Friday I did a “call for crowdsource help” on the YouTube/Comedy research I’m presenting at next week’s ISHS presentation. A big thanks for your comments, and especially to Will Reese. Check out this graphic…

Parodies represent the most-favorited YouTube comedy videos

Will’s categories (farce, dark, screwball, slapstick, parody, satire) were his own creation, and he found this interesting discover. Over shorter periods of time, a comedic video’s type is more likely to be diverse. Over longer periods of time, there’s more similarity.

Thanks also to Kiddsock, who is working on some analysis. Check out the sock puppet on YouTube because he’s underrated!

Now let’s observe some comments from YouTube, that are interesting even if not terribly helpful:

I’m afraid crowd humor is based on pain and fear and it freightens me. I think when its constructive pain and fear, like learning something new about yourself or others and reaching for the “good” it is really the funniest and is contagious. (carolperez)

I don’t really think people know what funny is any more. Everyone has conformed to this sick minded society and can turn something so innocent into something so wrong and laugh about it. Just the other day my roommate came upstairs laughing because he had watched a fake Steve Irwin death video. So explain to me how anyone in there right mind would find something like that funny. I know I am probably not making any since at all but what I’m trying to say is to make the people of the world laugh (Welcome2Broadway)

I do agree that some popular videos are sad statements on how our humor can be cruel or mean spirited, but I am not feeling like that’s “on the rise” permanently. I believe the anonymity of social media and online-video provides a temporary release for the darker side of humor, but that in the long run… good natured comedy will prevail.

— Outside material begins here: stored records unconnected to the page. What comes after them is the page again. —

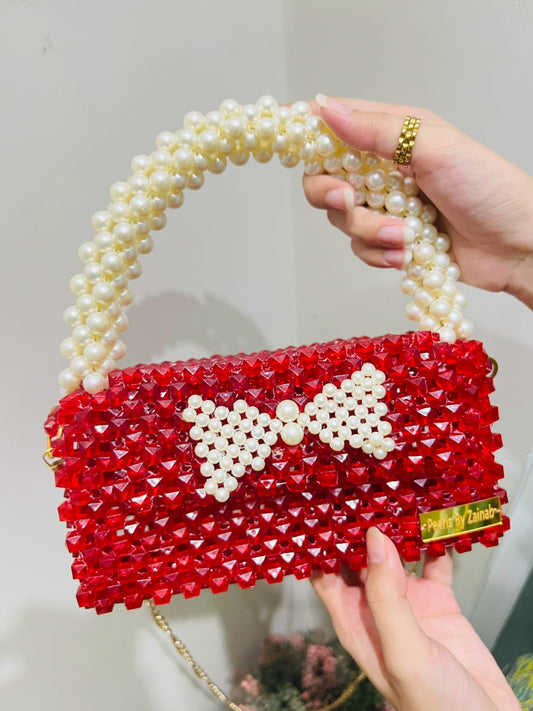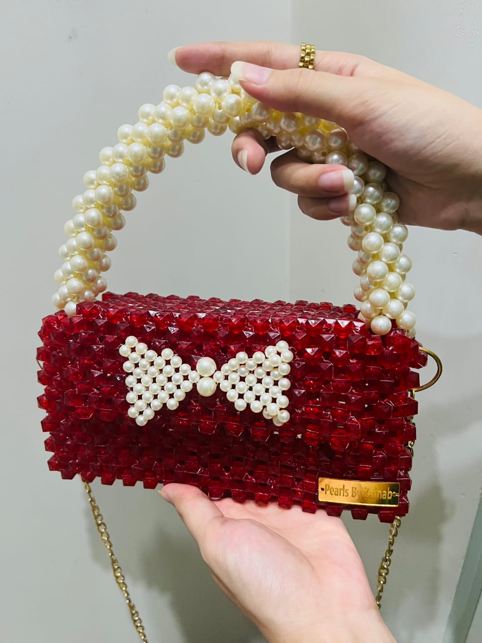 Handcrafted Red Crystal Pearl-Handle Handbag with Pearl Bow – Luxury Party & Evening Purse | Pearls By Zainab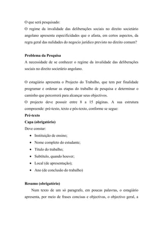 O documento apresenta um plano de estágio para pesquisar o regime da invalidade das deliberações sociais no direito societário angolano. O plano inclui uma introdução ao tema, revisão da literatura, metodologia de trabalho e cronograma, além de orientações para o estágio.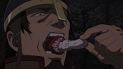 After the lukewarm start to HenSuki and the stumbling first episode of Arifureta…“Delicious. Finally, some good f**king food.”– Interesting choice to debut Studio Wit’s production logo/vanity plate in this series, though I feel a Bszoku vibe from it with all those motorcyclists. I’m guessing the final season of Attack on Titan in 2020 will also have the production logo at the start as well.- As much as I enjoyed Angolmois: Genkou Kassenki, the first three episodes of Vinland Saga managed to top even that. And if the manga readers’ impressions are any indication, the anime watchers will be in for a treat. On the downside, if Ad Astra: Scipio to Hannibal does get an anime adaptation, it will have a tough act to follow in the wake of Vinland Saga.- On a different note…about the Vikings’ current war with England, does that take place before the setting of Thrones of Britannia?“You could sell me on Thors being the main character of an entire series and Ill be ecstatic at the prospect, but its clear that Vinland Saga is destined to be Thorfinns saga (and hes great too, so no complaints from me).” – EnzoHell, a prequel manga chronicling Thors’ exploits as a Jomsviking would be an interesting and engaging read.Anyway, Vinland Saga‘s first three episodes definitely didn’t disappoint. And with Attack on Titan‘s final season on the horizon in 2020, Studio Wit picking up Vinland Saga was a pro move. The three-week wait will be a killer, sure, but I won’t mind as long as it’s done right.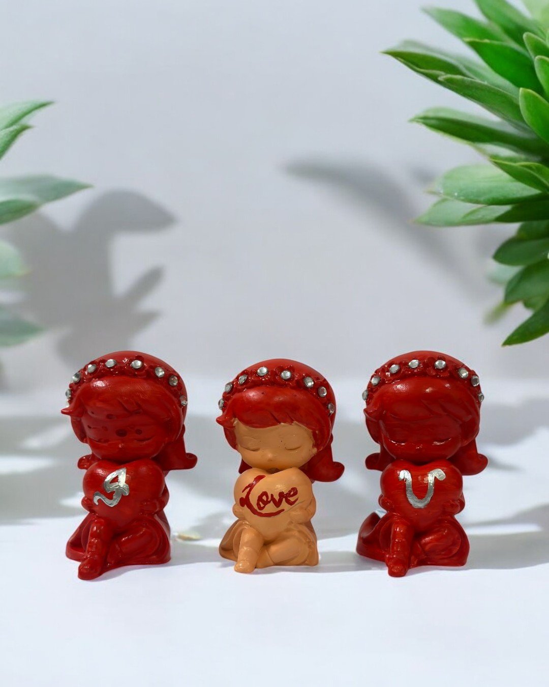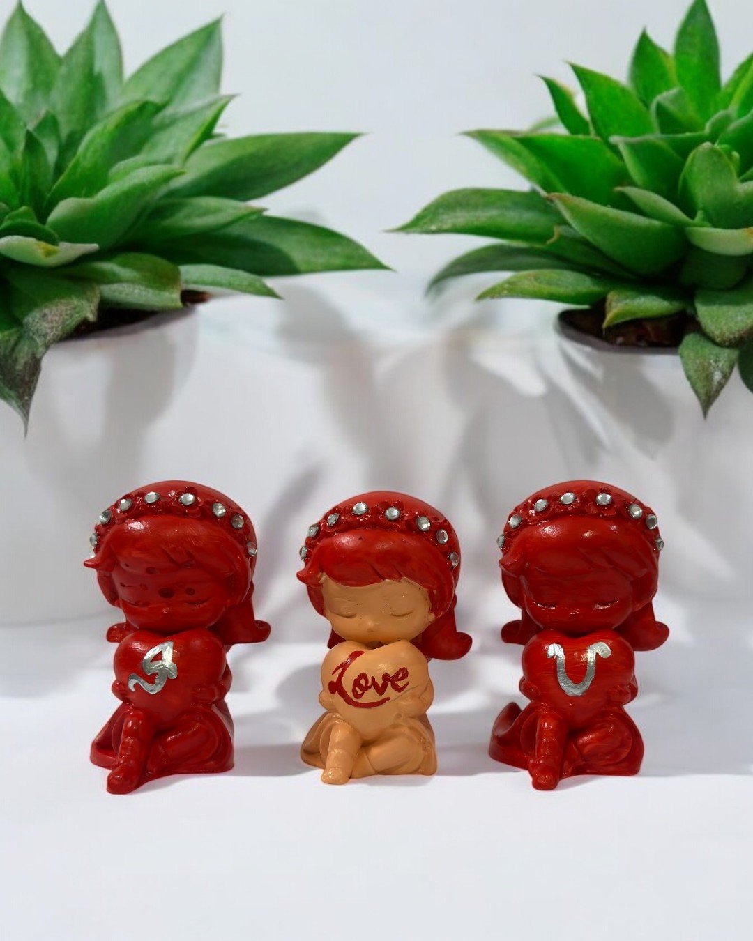 These charming handcrafted figurines feature adorable characters holding hearts with love-themed designs, adorned with delicate embellishments. Perfect for expressing affection, they make a delightful addition to your decor or a heartfelt gift for loved ones. Their vibrant colors and playful design add a touch of warmth and love to any space.

P.S. Will Reese background: When in 1999 I saw the Internet as becoming a BFD, I joined a company called “Frontier Media Group,” which was evolving from a multi-media creator (video, kiosks, interactive CDs/DVDs) to a web-strategy firm. It was later acquired by Qwest telcom, and spun off to Cadient. That’s where I met Will, who was a lowly project lead at the time. Now he’s the company’s brain, and I’ve had the pleasure of watching him in pitches at major companies. If you’re pitching against Will, walk away.